Trump just can't seem to keep anti-abortion activists down

A woman holds a pro-life sign as she listens to former U.S. President and 2024 presidential candidate Donald Trump's speech at the North Carolina Republican Party Convention in Greensboro, North Carolina, June 10, 2023.

A woman holds a pro-life sign while listening to Trump's speech on June 10, 2023 in Greensboro, North Carolina.
Allison Joyce/AFP via Getty Images

It is the above-mentioned proposals from Project 2025 that have proven so politically inconvenient for Trump in this election campaign. He has sounded the refrain that he just wants to let states decide abortion policy, saying, “The federal government should have nothing to do with this issue.” But he also continually promises new details about his intentions for federal policy to be announced – details that somehow never arrive.

When Trump was asked about enforcing the Comstock Act last month, he seemed to answer that he wouldn't do so, but he held back a bit: “No, we'll discuss specifics about it, but generally speaking, no.” Regarding the ban of mifepristone, the Trump campaign takes the position that the Supreme Court has settled the matter – which makes no sense since the court was simply ruling on a procedural issue.

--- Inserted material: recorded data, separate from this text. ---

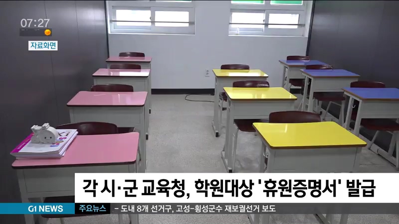 도내 17개 시·군 교육청에서는 휴원 중인 학원을 대상으로 '휴원증명서'를 발급하고 있습니다.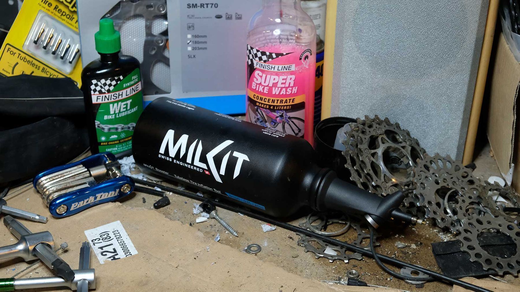 More and more bikes are coming with tubeless ready tyres and wheels, and finishing the set up with sealant and valves like this MilKit set is a task well worth investing a bit of time in – punctures are easier to deal with and may even self-seal, plus you can run lower tyre pressures for more grip. Whether you’re tubeless or not, a track pump makes inflating tyres much easier than the portable one you’ll carry out on the trail. Do your back and arms a favour and invest in a pump like this Truflo Easitrax with built in pressure gauge.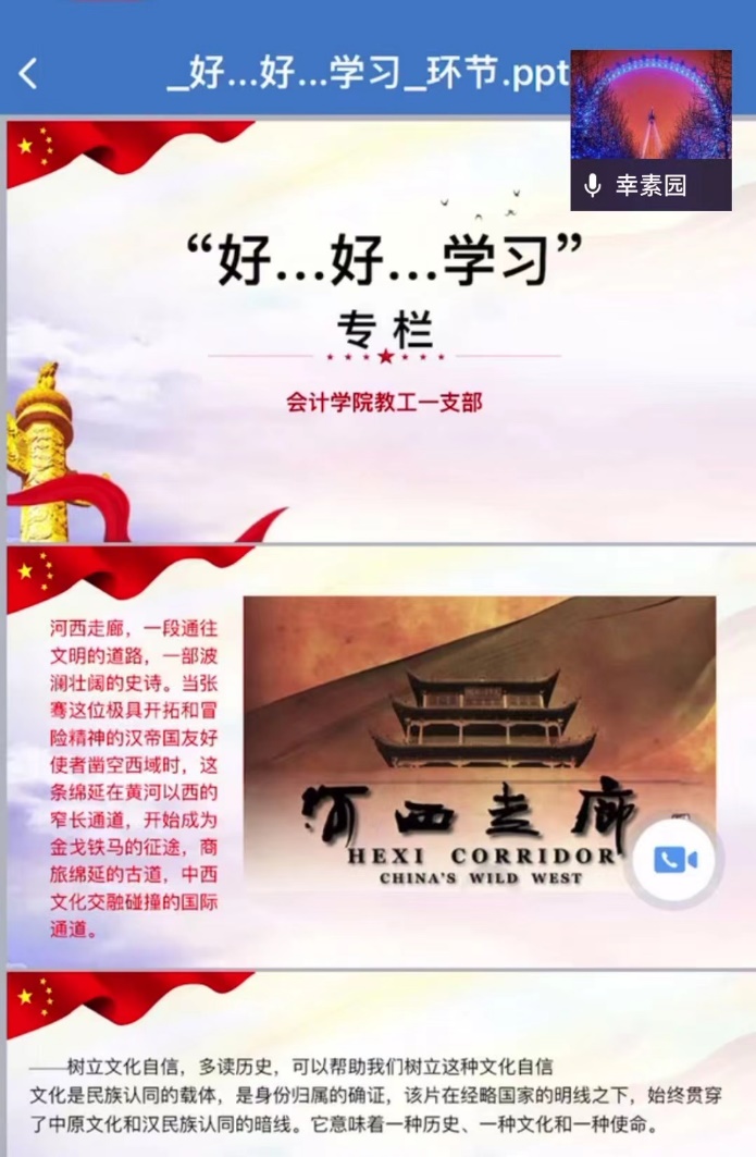 随后,梅波老师针对领学内容发表了感想。他认为习总书记的文章将重要理论与实践深度融合,思想深刻,内容丰富,学习后受益匪浅。他从三个方面谈了自己的体会:一是对新发展理念的认识。完整贯彻新发展理念需要坚持系统观念,要统筹发展和安全。推进发展的时候要善于预判各种挑战,协调稳增长和防风险的关系,促进高质量可持续稳定发展;二是对新发展理念相关规划的认识。通过资料学习以及在规划部门工作经验,梅波分享了国家、地方、高校等相关规划,他将新发展理念、高质量发展与十四五规划结合,重点根据财政部印发的《会计改革与发展“十四五”规划纲要》谈了扩大会计内涵和外延的重要性;三是要将新发展理念融入教学科研。创新与教学密切相关,教师切忌照本宣科,要拓展员工创新思维能力,教育员工知其然和知其所以然,引领员工更好理解和运用相关知识,激发员工的思辨能力,适应新文科的要求;科研工作更需要创新,教师需要创新攻坚克难,拓展会计的内涵和外延,从战略层面思考问题,发挥会计的决策有用性,加强与大数据技术的密切融合。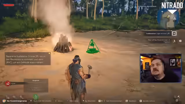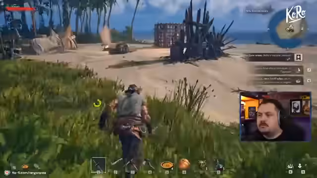 02:39:59Nachdem die Crewmitglieder gerettet wurden, wird das Ziel verfolgt, eine Schnellreiseglocke zu bauen, um die Reisezeit zu verkürzen. Der Bau eines Zeltes als Respawnpunkt wird in Erwägung gezogen. Anschließend konzentriert sich der Streamer auf das Reparieren des Schiffes, das an Land liegt. Die benötigten Ressourcen wie Holz, Stoff, Nägel und Seile werden gesammelt und der Craft-Prozess wird im Detail beschrieben, wobei das UI mit New World verglichen wird.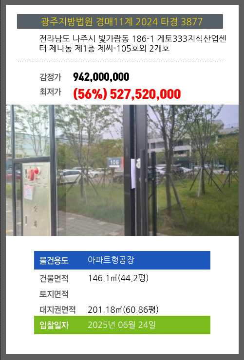 본건은 전라남도 나주시 빛가람동 186-1 게토333지식산업센터 제나동 제1층 제씨-105호외 2개호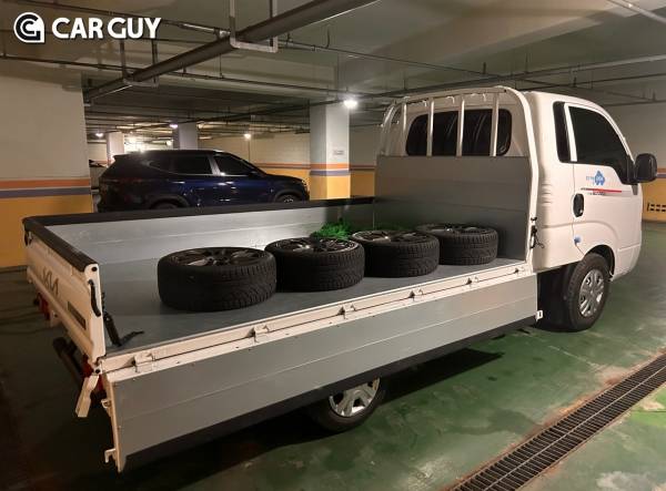 디젤 대비 초반에 토크가 낮다고 살짝 느껴지지만 속도계 바늘은 꾸준히 상승한다. 화물을 적재하면 어떻게 될까? 휠, 타이어, 가구 등 다양한 짐을 200~800kg 정도 적재하고 시승을 진행했다.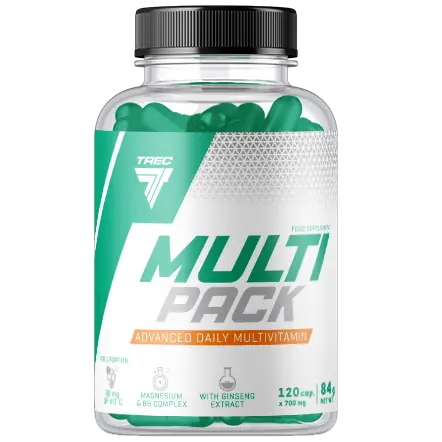 Trec Multi Pack содержит разработанную в лаборатории и количественно отобранную органическую композицию из 27 эффективных активных веществ высочайшего качества. Препарат представляет собой витаминный комплекс, стимулятор многих обменных процессов, укрепляющих жизненный тонус человека. Препарат был подготовлен для поддержки организма в периоды интенсивных физических и умственных нагрузок. Благодаря высокой концентрации антиоксидантных веществ и биофлавоноидов является отличным препаратом с дезинтоксикационным эффектом (выведение токсинов из организма) - борется с опасными для здоровья свободными радикалами, что значительно повышает иммунитет организма. Помните, что так называемая в крайних случаях свободные радикалы могут привести к образованию рака, поэтому стоит защитить себя от их возможной вредоносной активности.
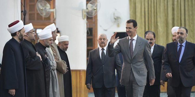 Damas /Le président Bachar al-Assad a pris part à une cérémonie religieuse, organisée aujourd’hui par le ministère des Waqfs dans la mosquée d’Ibad al-Rahmane dans la zone de Kafarsoussa à Damas, pour célébrer l’anniversaire du prophète Mohammad.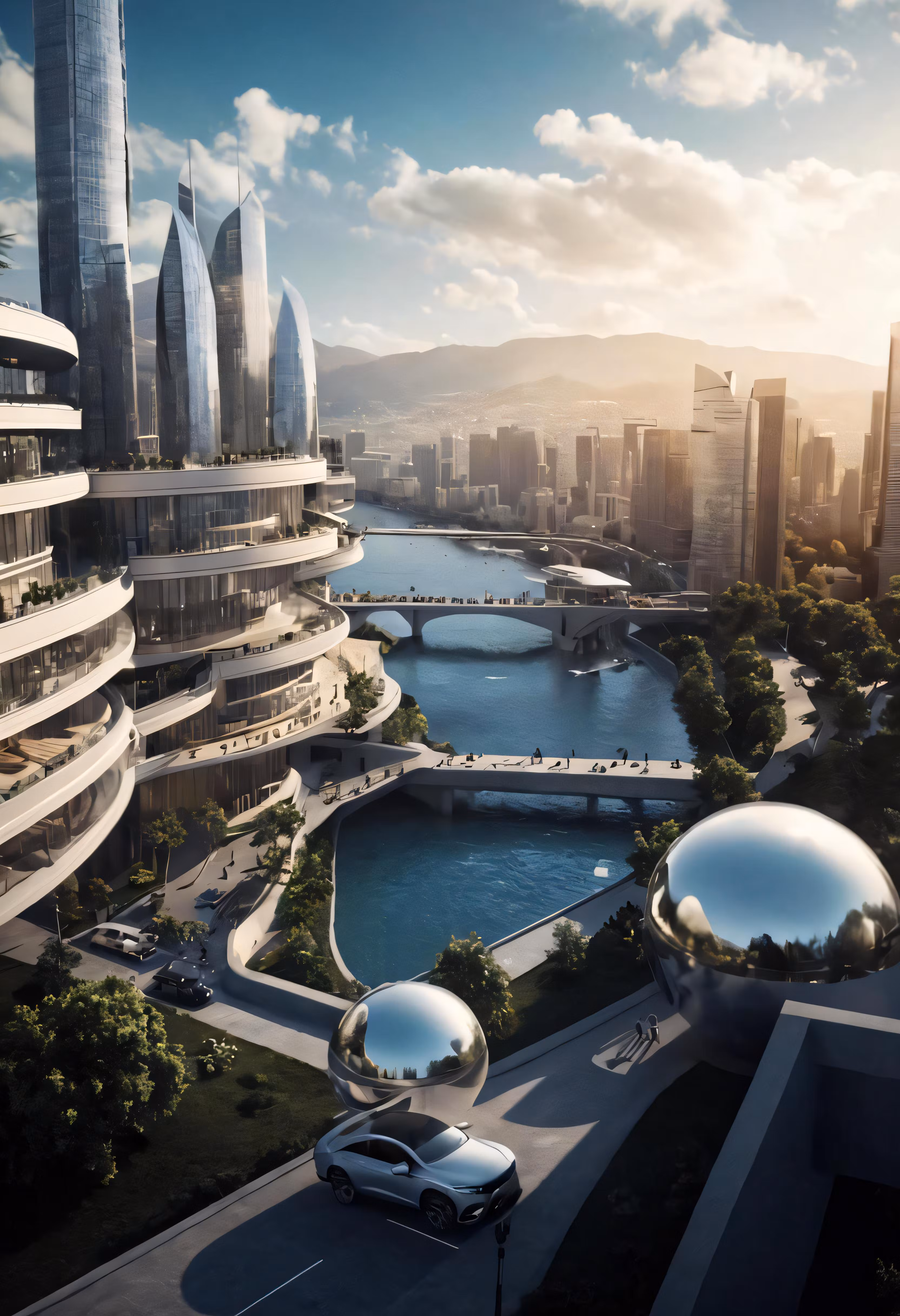 High resolution picture, free to use, two futuristic buildings with large glass domes near a lake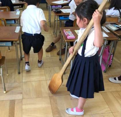 動画などで給食室にある機械や調理の様子を学習した後、給食調理員さんと同じように大きなしゃもじで混ぜる作業を体験しています。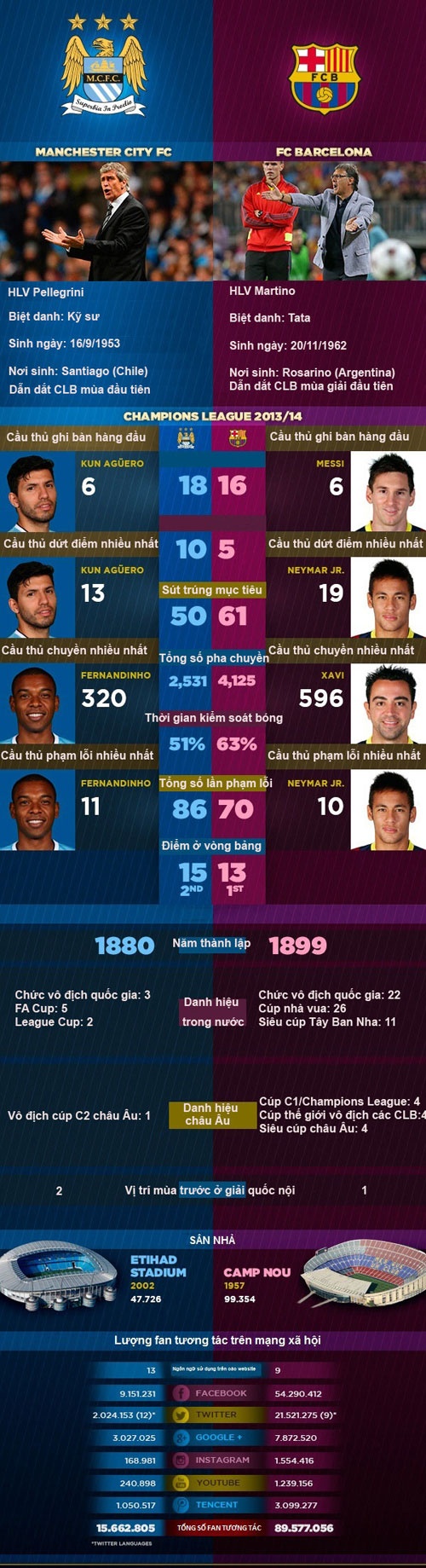 Barca đã giành hơn 70 danh hiệu cao quý, trong đó có 4 chức vô địch châu Âu, còn Man City mới sở hữu 11 chiếc cúp bạc khiêm tốn.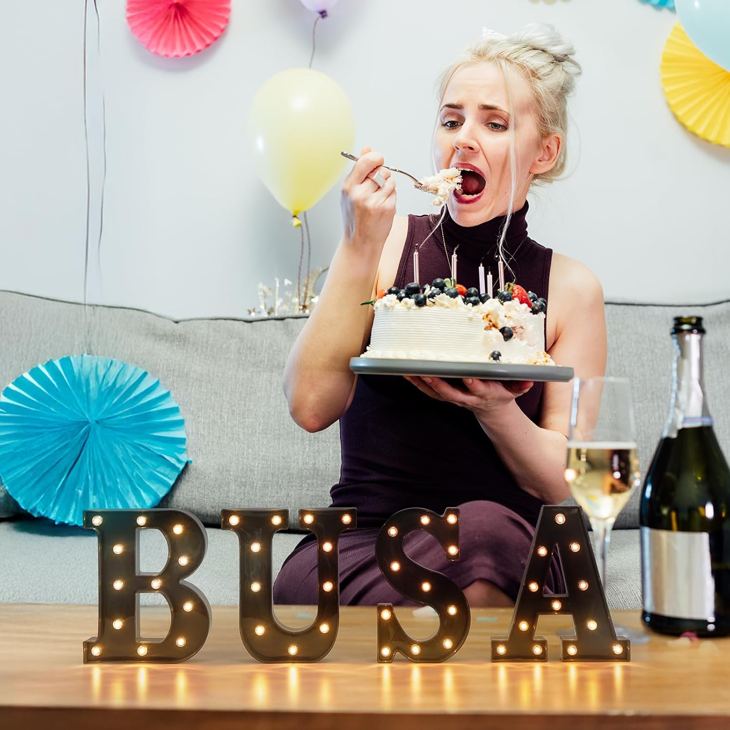 • Our Black light up letters illuminated lights are highly versatile and portable as they measure just 8.66 inches tall, 1.77 inches thick, can be hung on walls and will take 2x AA batteries so they are not too oversized and will not need to be plugged into an electrical outlet.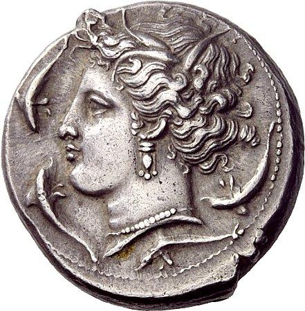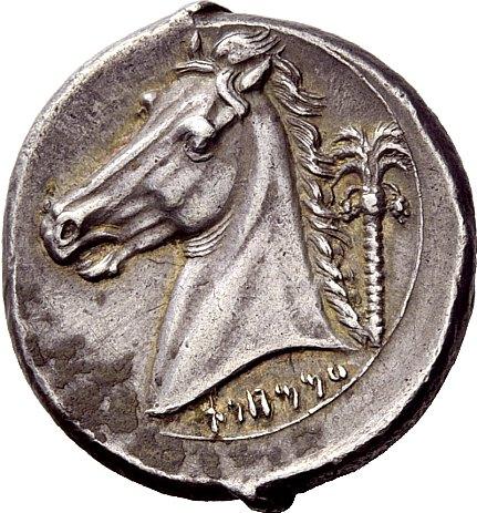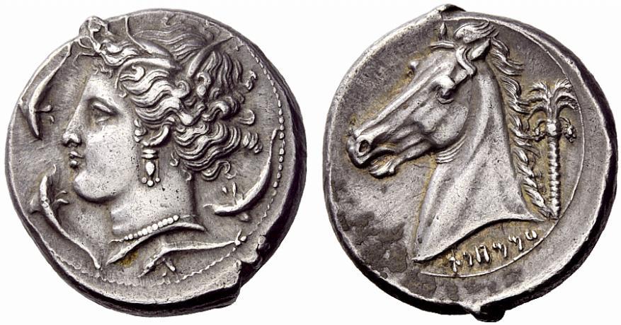 Greek coins, The Carthaginians in Sicily and North Africa, Tetradrachm, Sicily ca. 320, AR 16.95 g. Head of Tanit-Persephone l., wearing barley wreath, earring and necklace; around, four dolphins. Rev. Horse’s head l.; behind, palm tree with date clusters. Below neck truncation, ‘MMHNT in Punic characters. SNG Lloyd 1631 (these dies). de Luynes 1448 (these dies). Jenkins 148 (this coin cited). A superb specimen of fine style with an enchanting old cabinet tone and extremely fine Ex Hess-Leu sale 1956, 323.
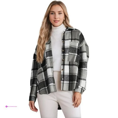 Women’s Casual Plaid Shacket Long Sleeve Button Down Flannel Shirts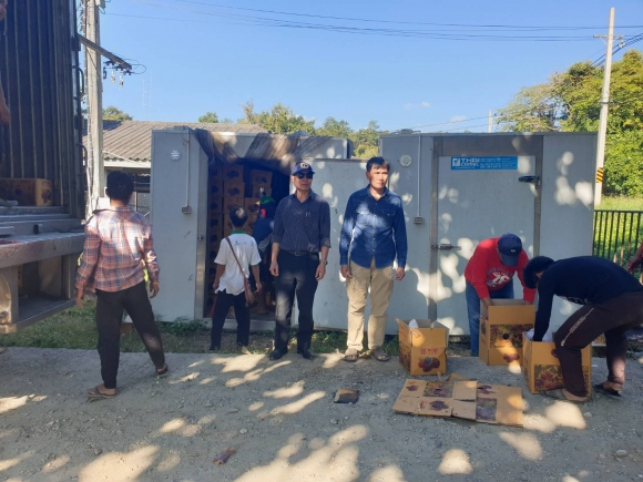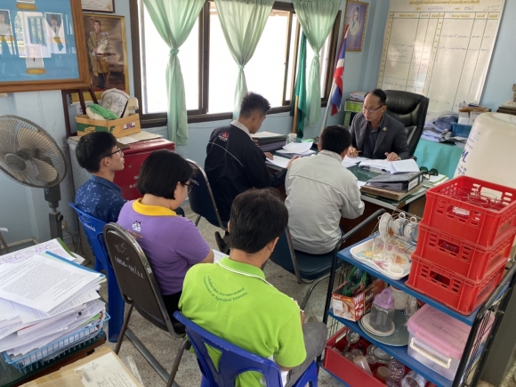 นายสุขพสันต์ พรหมลังกา เกษตรอำเภอเฉลิมพระเกียรติ ประชุมเจ้าหน้าที่สำนักงานเกษตรอำเภอเฉลิมพระเกียรติ และติดตามให้คำแนะนำเกษตรกรในการขนส่งหม่อนผลสด เพื่อเก็บรักษาในห้องเย็น

So Trump claims that women have nothing to fear from his abortion policies if he wins. But there are many reasons to question whether you should believe him.

The reality is that some of Trump's key political allies are people who are deeply committed to restricting abortion in the United States. Take his vice presidential candidate JD Vance, for example. In 2022, Vance called for enforcement of the Comstock Act, saying, “I would certainly like to see abortion illegal on a national level.”

Trump's top appointees, tasked with setting federal policy in his second term, would likely include many committed social conservatives. Notably, Project 2025's chapters dealing with abortion were written by two key Trump administration officials: Roger Severino, who served at the Department of Health and Human Services, and Gene Hamilton, who served at the Justice Department (and is a long-time confidant of the Trump administration). ally of Trump policy guru Stephen Miller).

Trump “had the most pro-life administration in history and pursued the most pro-life policies of any administration in history,” Severino told the New York Times in February. “This track record is, in my opinion, the best evidence of what a second term could look like if Trump wins.”

There's a classic political saying: “Dance with the one who brought you,” which explains why politicians feel compelled to stand by their loyal supporters. While Trump may be trying to take a more moderate tone on abortion right now, he is a transactional man and knows that social conservatives are among his most important and loyal supporters.

This was evident at the end of August: After several days of enduring pressure from anti-abortion groups, Trump announced that he would stand with them on an abortion measure in Florida.